What does comedy have in common with affordable housing? The secret ingredient for both is timing.
At the start of her second term in 2019, Mayor Muriel Bowser unveiled an ambitious plan to build 36,000 housing units in the District, including 12,000 income-restricted, subsidized homes, by 2025. This plan was part of a broader regional initiative led by the Metropolitan Washington Council of Governments (MWCOG) to build 320,000 housing units by 2030 in order to address the region’s housing shortage. In addition to answering the call from MWCOG, Bowser published a Housing Equity Report in October 2019 that broke the 12,000 affordable unit goal down into specific targets for each of the District’s planning areas.
The purpose of these more specific targets was to reverse historical patterns of segregation and exclusion by creating quantifiable affordable housing production goals for wealthy, predominantly white neighborhoods such as Georgetown, Dupont Circle, Capitol Hill, and in particular communities west of Rock Creek Park. The below maps from the Housing Equity Report illustrate the distribution of income-restricted, subsidized units in the District as of 2018 (top) and the production goals for income-restricted, subsidized units from 2019 onward (bottom), with a clear emphasis on a more balanced geographic distribution:
Since 2019, the District has made considerable progress in reaching both the 36,000-unit and 12,000 income-restricted, subsidized-unit goals. Through February 2024, developers in DC have produced 33,661 total units (94% of the target) and 9,230 affordable units (77% of the target). Yet the most affluent parts of the District are still lagging well behind their specific targets. Neighborhoods west of Rock Creek (“Rock Creek West”) have produced a mere 135 affordable units, or 6.8% of their target. Capitol Hill has produced 321 affordable units, or 22.9% of its target. Georgetown, Dupont Circle, and Logan Circle (“Near Northwest”) have produced 329 affordable units, or 26.3% of their target.
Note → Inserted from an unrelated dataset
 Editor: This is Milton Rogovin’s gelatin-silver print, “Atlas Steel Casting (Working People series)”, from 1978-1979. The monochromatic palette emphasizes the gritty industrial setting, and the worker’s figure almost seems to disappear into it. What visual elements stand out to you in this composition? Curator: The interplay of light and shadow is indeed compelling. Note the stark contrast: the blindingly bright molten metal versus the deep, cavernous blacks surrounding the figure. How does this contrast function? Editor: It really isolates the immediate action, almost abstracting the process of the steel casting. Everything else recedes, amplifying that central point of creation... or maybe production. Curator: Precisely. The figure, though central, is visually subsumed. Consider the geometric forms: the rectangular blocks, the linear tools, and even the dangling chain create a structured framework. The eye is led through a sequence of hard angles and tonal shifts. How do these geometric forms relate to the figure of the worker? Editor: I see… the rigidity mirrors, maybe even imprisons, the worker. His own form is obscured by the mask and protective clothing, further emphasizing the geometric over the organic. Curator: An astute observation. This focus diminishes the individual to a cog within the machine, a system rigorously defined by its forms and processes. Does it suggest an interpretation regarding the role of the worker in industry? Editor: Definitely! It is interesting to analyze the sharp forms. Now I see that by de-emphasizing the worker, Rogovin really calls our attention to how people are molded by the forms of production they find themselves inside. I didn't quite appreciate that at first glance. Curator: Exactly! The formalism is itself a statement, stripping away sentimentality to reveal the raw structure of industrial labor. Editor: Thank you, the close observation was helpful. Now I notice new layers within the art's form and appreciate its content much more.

Meanwhile, by contrast, neighborhoods east of the Anacostia River have produced 3,539 affordable units, 220% of their target. Despite the well-intentioned goals of the Housing Equity Report, the production of income-restricted, subsidized housing in the District continues to be deeply uneven geographically, with such homes mostly absent from wealthy white neighborhoods and heavily concentrated in low-income black neighborhoods. Despite DC policymakers’ big push to build 12,000 income-restricted, subsidized units within five years, the de facto residential segregation of our city continues.
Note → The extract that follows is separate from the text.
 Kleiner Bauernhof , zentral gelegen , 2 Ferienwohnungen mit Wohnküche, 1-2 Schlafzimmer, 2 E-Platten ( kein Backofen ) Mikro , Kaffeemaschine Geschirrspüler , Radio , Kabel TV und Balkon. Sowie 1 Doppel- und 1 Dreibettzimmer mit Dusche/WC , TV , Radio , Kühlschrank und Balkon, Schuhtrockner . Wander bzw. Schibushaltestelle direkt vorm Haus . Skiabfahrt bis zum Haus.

Why has the implementation of the Housing Equity Report failed to move the needle more significantly? Often, policymakers focus on cost. Because land values are higher in wealthy areas, building affordable housing in those areas is more expensive. This is certainly true, yet the District has demonstrated a willingness to prioritize funding for projects in these areas despite higher land costs, precisely in order to meet its geographic distribution goals. Observers also focus on political opposition, since residents rich in money, or time, have in many notable instances organized to try to block new housing, whether market-rate or affordable, in their neighborhoods. This is also certainly true, yet there is now considerable political will in the District, including from the mayor, DC Council, and many Advisory Neighborhood Commissions, to support such projects.